Flash forward 23 years, and now-Mayor Adams wants to do just that, reinstating plainclothes units that were disbanded for conducting aggressive, unlawful, and often deadly stops of Black New Yorkers. But where expanded stop-and-frisk will impact thousands of New Yorkers, Adams’ expanded surveillance will impact millions.
Adams boasted that facial recognition could “take a picture of your face and in eight seconds, see everything that you have in public view…” But he never addressed the technology’s bias against Black or brown New Yorkers. Facial recognition has not only been shown to be more error-prone for Black and Latinx individuals in the lab, it’s led to growing numbers of false arrests in the real world. The way that the technology replicates the same patterns of abuse as stop-and-frisk.

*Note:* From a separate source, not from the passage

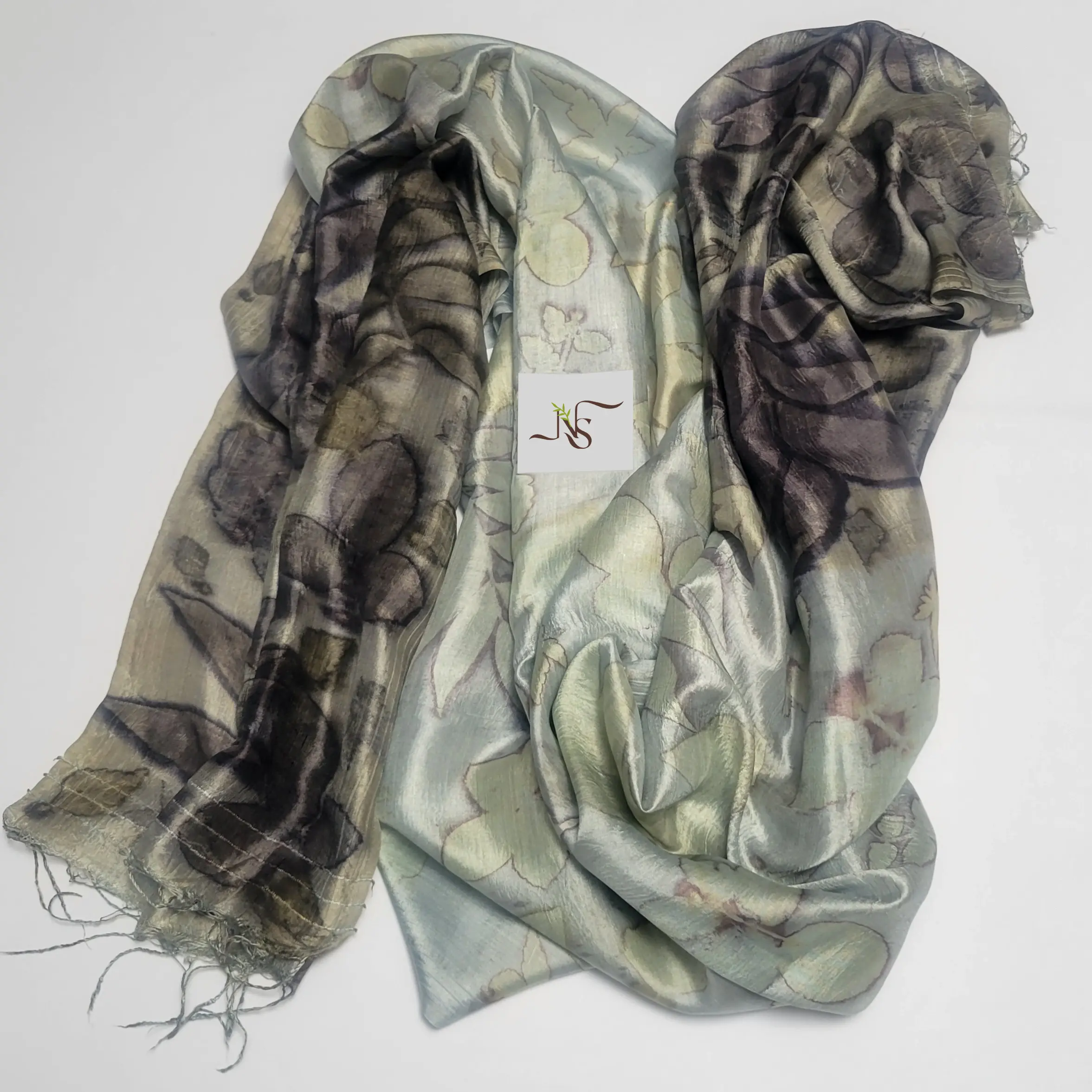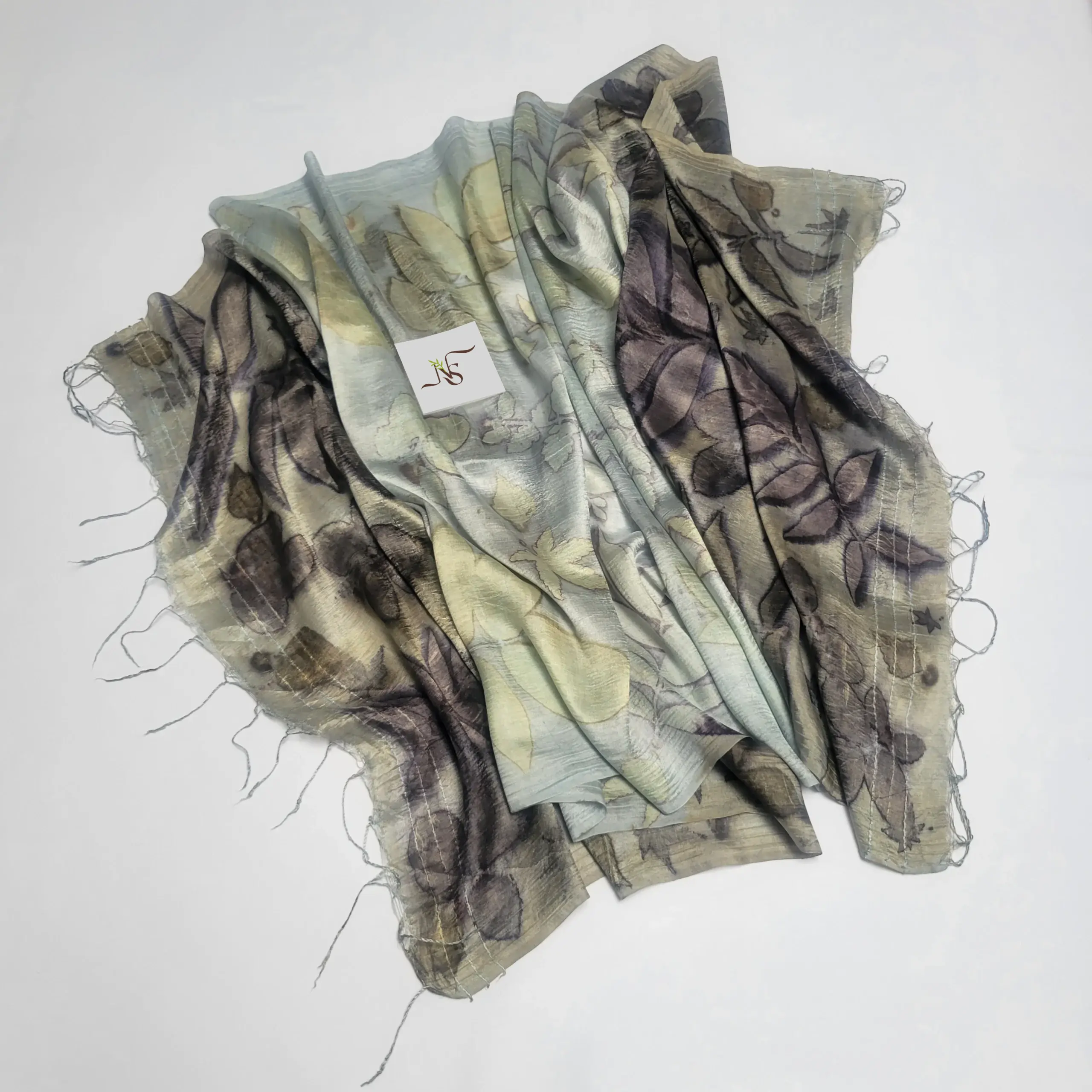 • Handwoven Mulberry silk, naturally dyed and eco-printed with actual leaves. The fabric may contain some irregularities in the weave, which are characteristic of any handwoven fabric.
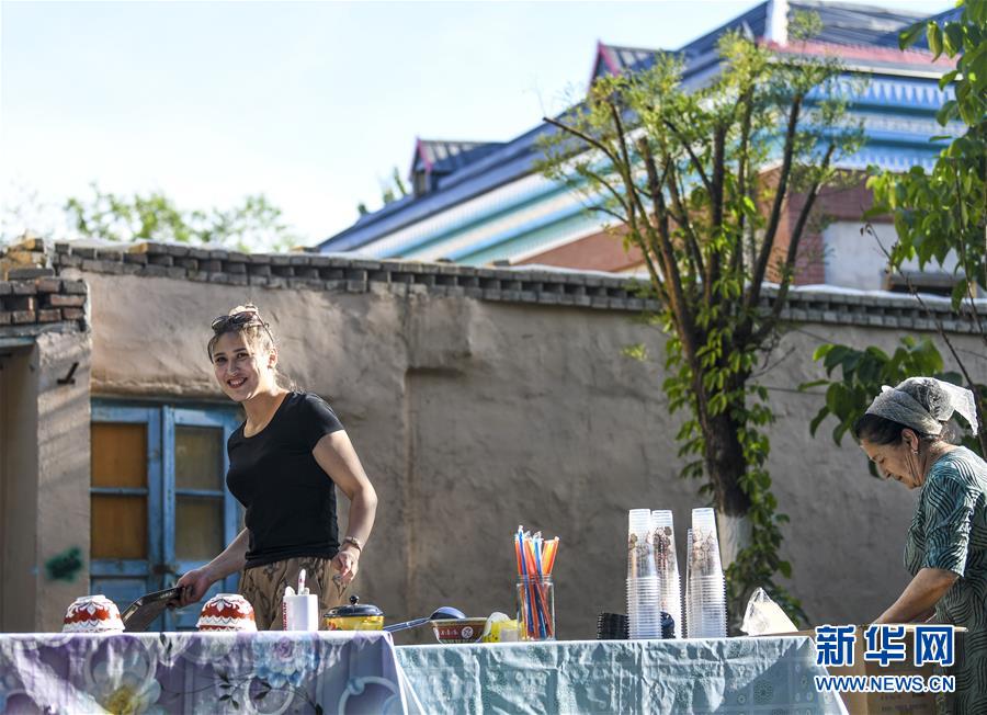7月4日,在位于六星街内的一家民居前,房主麦尔比岩·艾买提江(左)和母亲在售卖自家制作的酸奶。新华社记者王菲摄

Even worse is Adams’ call for “new technology to identify suspects and those carrying guns” using “software to identify dangerous individuals and those carrying weapons.”
Once again we’re being told that Silicon Valley has a crystal ball to predict pre-crime, and once again the claims are bogus. Not only is “gun detection” software useless anytime someone conceals a gun in their jacket or bag, it easily can mistake everyday objects like a wallet or a cane for a weapon. And not everything that looks like a gun is one. I’m terrified of the day police gun down a child wielding a squirt gun that was reported by this software.
Every time gun detection AI sends frantic officers towards an alleged crime scene, it creates risk for anyone standing nearby, particularly Black and brown New Yorkers. Adams himself had described the risks. Recalling his time as a plainclothes officer, he noted that there was a risk anytime he encountered his white colleagues. Even if he was on the job, “if they see me with a gun in my hand, I got a problem.”
And Adams knows all too well how often American police surveillance powers are misused and abused against communities of color. As an activist, he structured his organization with “experience understanding how law enforcement, with COINTELPRO and other tactics, infiltrated organizations of color.” COINTELPRO, the infamous 20th century program of monitoring political dissent is just the most famous example of such infiltration. As Adams admitted more than 20 years ago, the tools we give the NYPD to fight crime will quickly be turned against dissenters.
The coming days will decide a lot, not just for New York, but for the nation. It will decide if a Democratic Party that just months ago championed the cause of Black Lives Matter will return to its mass incarceration roots. It will decide if civil rights milestones like bail reform and elimination of stop-and-frisk are cast aside for political expediency. And it will decide if new, biased, and untested surveillance tech is adopted for political publicity stunt, even as it puts so many of us at risk.